Today’s employment data report for May will be release at 8:30 pm. That report is a precursor to Friday U.S. employment situation report for May, which is expected to show the key non-farm jobs number at up 325K, after a rise of 428K reported in April. The U.S. unemployment rate is expected to be 3.5% versus 3.6% reported in April. This data is always high on investors’ radars.
Any weakness in the data could weaken the Federal Reserve’s hawkish position, allowing gold prices to rise. As market investors worry about the economic consequences of the Fed’s excessive rate hikes, gold is catching the safe-haven bid this week. Investor concerns that the Fed will not ease up on its rate-hiking campaign anytime soon are kick starting safe-haven flows. Wage pressures in the United States are not subsiding, which should maintain inflationary pressures high for a few months longer.
Furthermore, the escalation in Ukraine may result in increased safe-haven flows into gold. The battle in Ukraine may escalate now that the US has suggested that it will provide advanced rocket systems to Ukraine.

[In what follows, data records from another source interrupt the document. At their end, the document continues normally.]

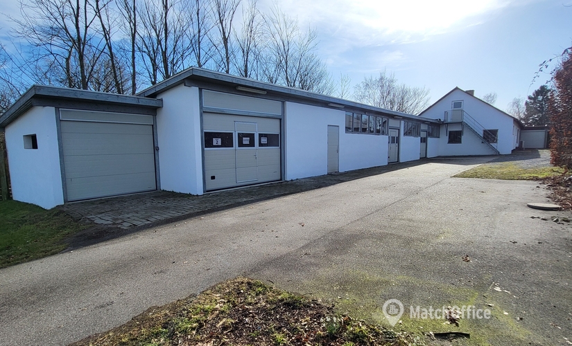 Erhvervsdelen en rektangulær bygning med et bebygget areal på 390 m2 og et samleterhvervsareal på 546 m2.Ejendommen har flere vognporte ved siden af hinanden op langs den første del af bygningen, der gør det muligt, atopdele den i mindre enheder,der eventuelt kan lejes ud. Dertil kommer et større lager-/produktionslokale samt en tagetage på 156 m2.
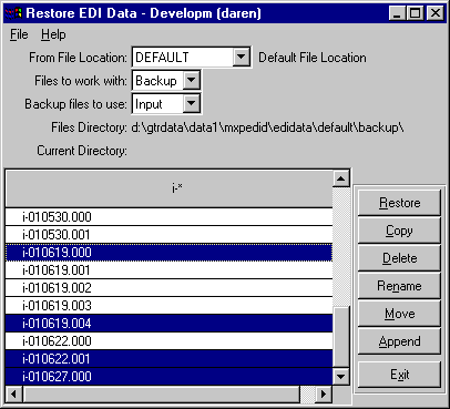 to regenerate them. When restoring EDI data, the system attempts to lock the input or output directory, as well as the backup directory for the file location specified.If it cannot, you will be asked whether or not you want to continue to attempt to restore the files selected. If the input file for the file location contains wildcard characters, then the system will prompt you for the file name to use to restore the backed up files to. The system will ensure that the file name entered is valid, and that the files that are to be restored in the appropriate directory. |
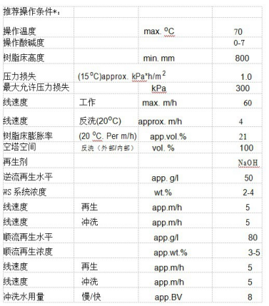 電泳漆樹脂使用參數條件如下所示,不同品牌的電泳漆交換樹脂,對于使用參數有一些些細微的差別,在實際使用需要根據商品要求和實際產水進行調整。
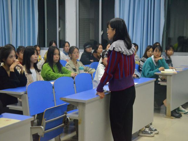 在播放电影前,各班进行经验分享会,同学们深入讨论入学感受、校园印象、大学四年规划等。各班导师分享自己的大学经验,为同学们大学生活做参考,并为同学们开导心路,用多起事例鼓舞同学们学习的热情和信心,抚慰同学初入大学的惶恐不安,为同学们的心里安上了稳定器。辅导员胡代芳老师也十分重视此次活动,亲自到各班分享自己的大学经验。
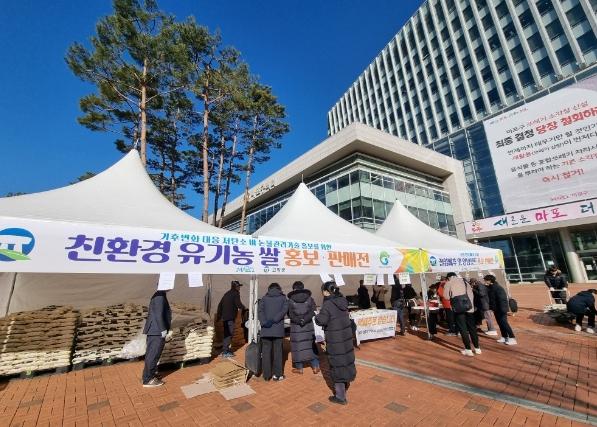 이번 홍보·판매전은 고창군에서 농림축산식품부 공모사업으로 추진 중인 ‘저탄소 벼 논물관리 기술보급 시범사업’으로 송암·여곡 단지에서 재배된 쌀과 ㈜황토배기유통의 절임배추, 양념 세트를 홍보 및 판매하기 위해 추진됐다.
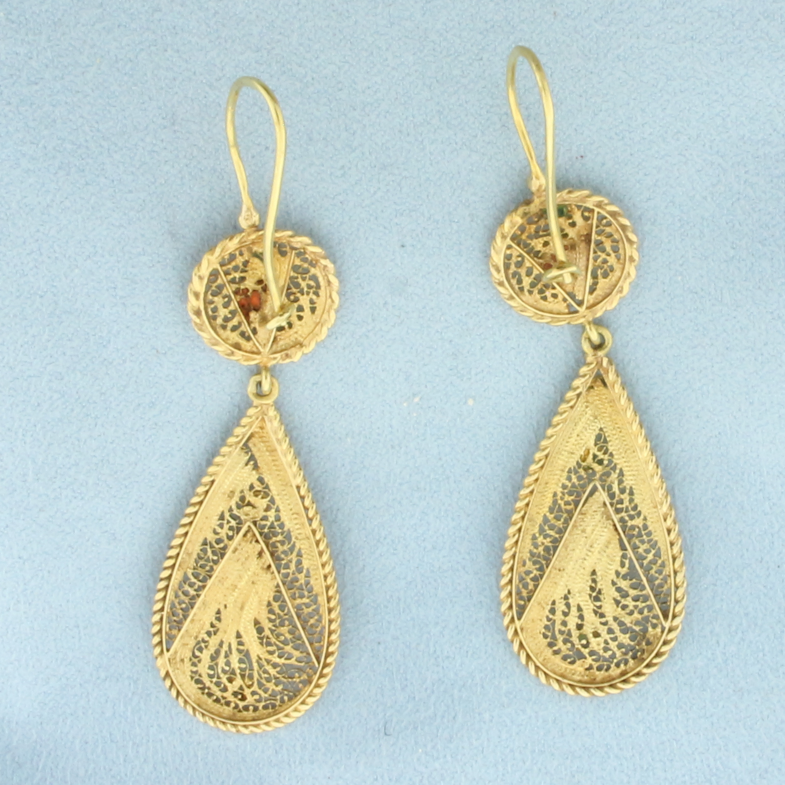 In 21k Yellow Gold. Orange and green enamel accents. 2 3/4 inch long. 3/4 inch wide. Kidney wire backs. 12.1g.

Technically, gold prices were poised to close at a four-week high close. A downtrend on the daily bar chart has at least temporarily been negated. Bears still have the overall near-term technical advantage but the bulls have gained momentum. Bulls’ next upside price objective is to produce a close above solid resistance at $1,900 Bears’ next near-term downside price objective is pushing futures prices below solid technical support at $1,800. First resistance is seen at $1,882 and then at $1,900. First support is seen at $1,850 and then at this week’s low of $1,830.